Task item -> Beneath this line are entries. Copy the range from the line with "In automotive, where" to the line with "现在,块编辑器会将区块保存为可重复使用的区块。", ends included, exactly; leave pictures out.
-------- Data supplied
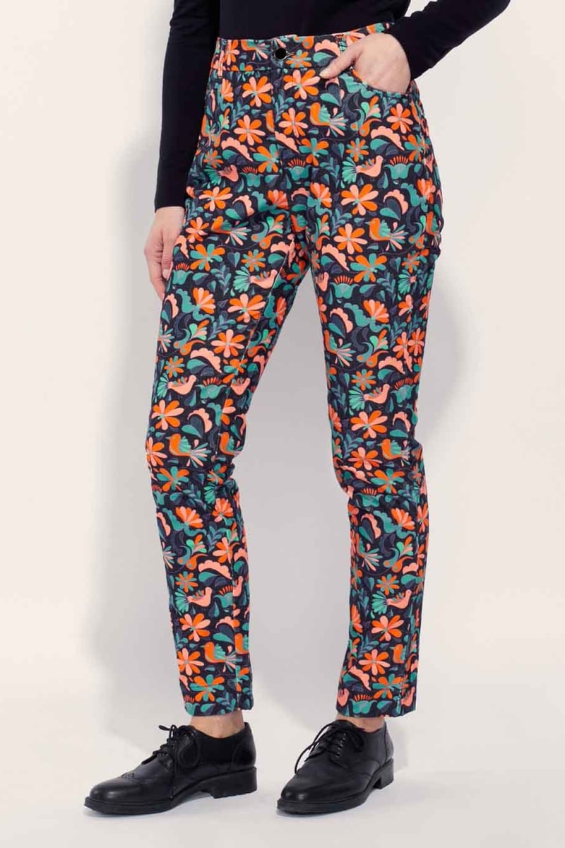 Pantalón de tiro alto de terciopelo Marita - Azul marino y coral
----------------
-------- Data supplied
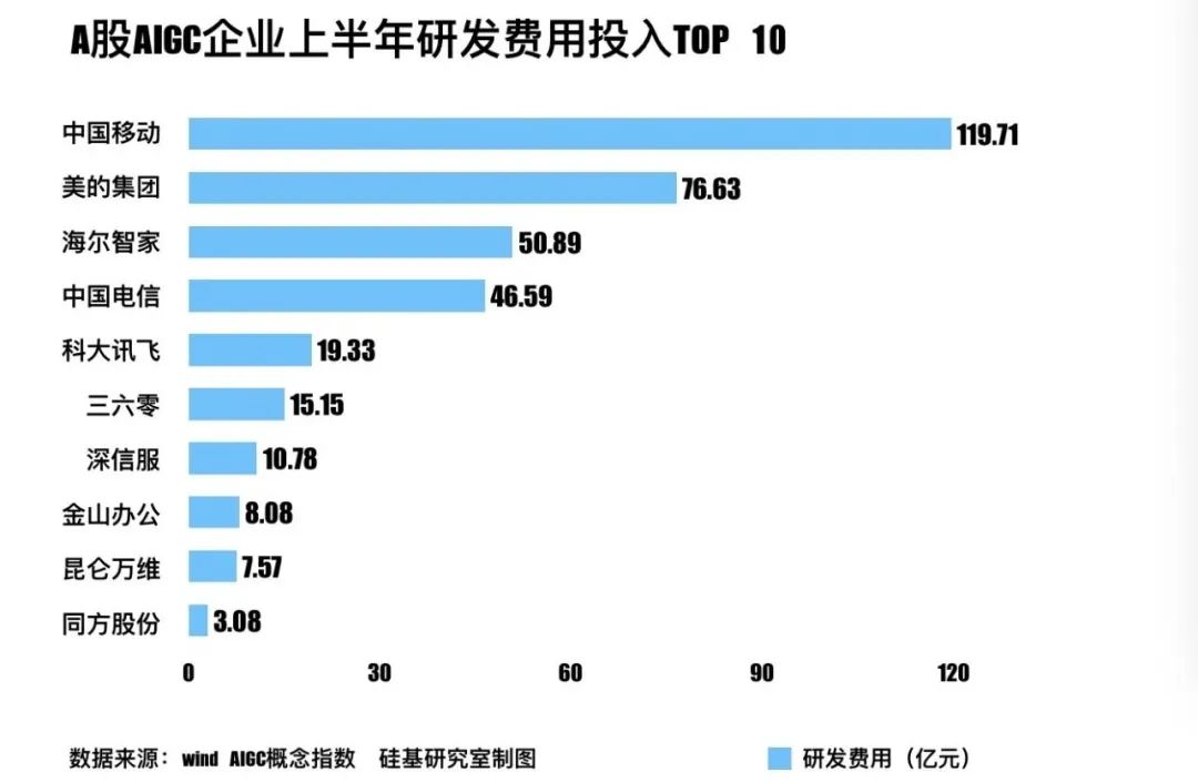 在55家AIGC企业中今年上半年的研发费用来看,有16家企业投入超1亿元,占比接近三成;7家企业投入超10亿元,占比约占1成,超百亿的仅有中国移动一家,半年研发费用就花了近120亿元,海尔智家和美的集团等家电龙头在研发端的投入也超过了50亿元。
----------------
-------- Data supplied
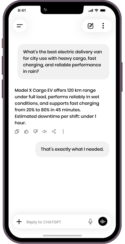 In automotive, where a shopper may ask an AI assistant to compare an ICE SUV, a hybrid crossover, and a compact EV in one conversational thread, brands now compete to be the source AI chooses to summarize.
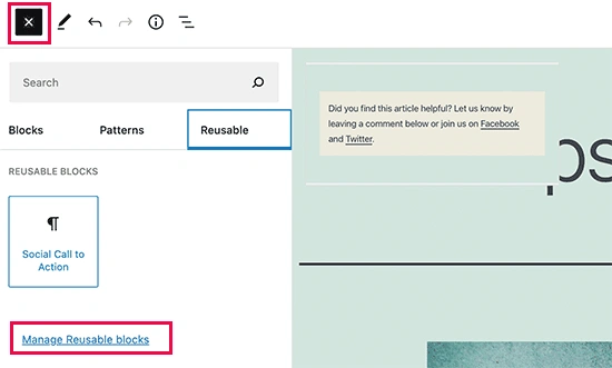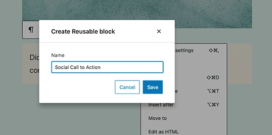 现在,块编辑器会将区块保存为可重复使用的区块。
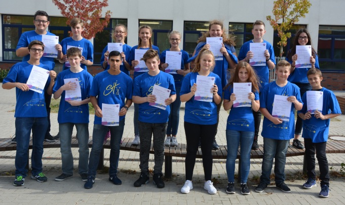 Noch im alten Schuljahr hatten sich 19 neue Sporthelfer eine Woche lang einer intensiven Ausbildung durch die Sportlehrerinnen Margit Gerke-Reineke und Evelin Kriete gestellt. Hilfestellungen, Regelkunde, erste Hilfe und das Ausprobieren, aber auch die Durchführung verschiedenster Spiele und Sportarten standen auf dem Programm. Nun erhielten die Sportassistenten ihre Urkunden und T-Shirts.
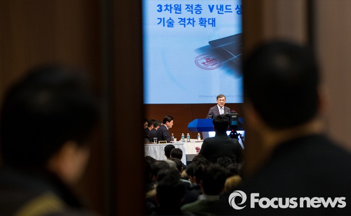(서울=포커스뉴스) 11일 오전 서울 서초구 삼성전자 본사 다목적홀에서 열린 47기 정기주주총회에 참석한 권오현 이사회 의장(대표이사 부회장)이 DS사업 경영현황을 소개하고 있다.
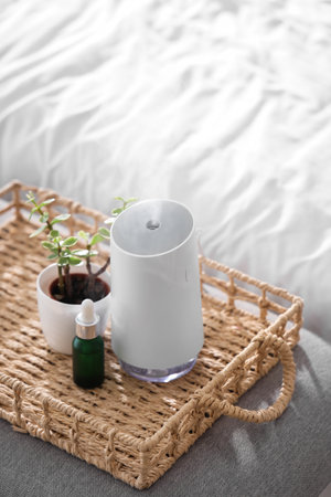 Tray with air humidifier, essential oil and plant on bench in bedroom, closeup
----------------
Your solution ->
 In automotive, where a shopper may ask an AI assistant to compare an ICE SUV, a hybrid crossover, and a compact EV in one conversational thread, brands now compete to be the source AI chooses to summarize.
 现在,块编辑器会将区块保存为可重复使用的区块。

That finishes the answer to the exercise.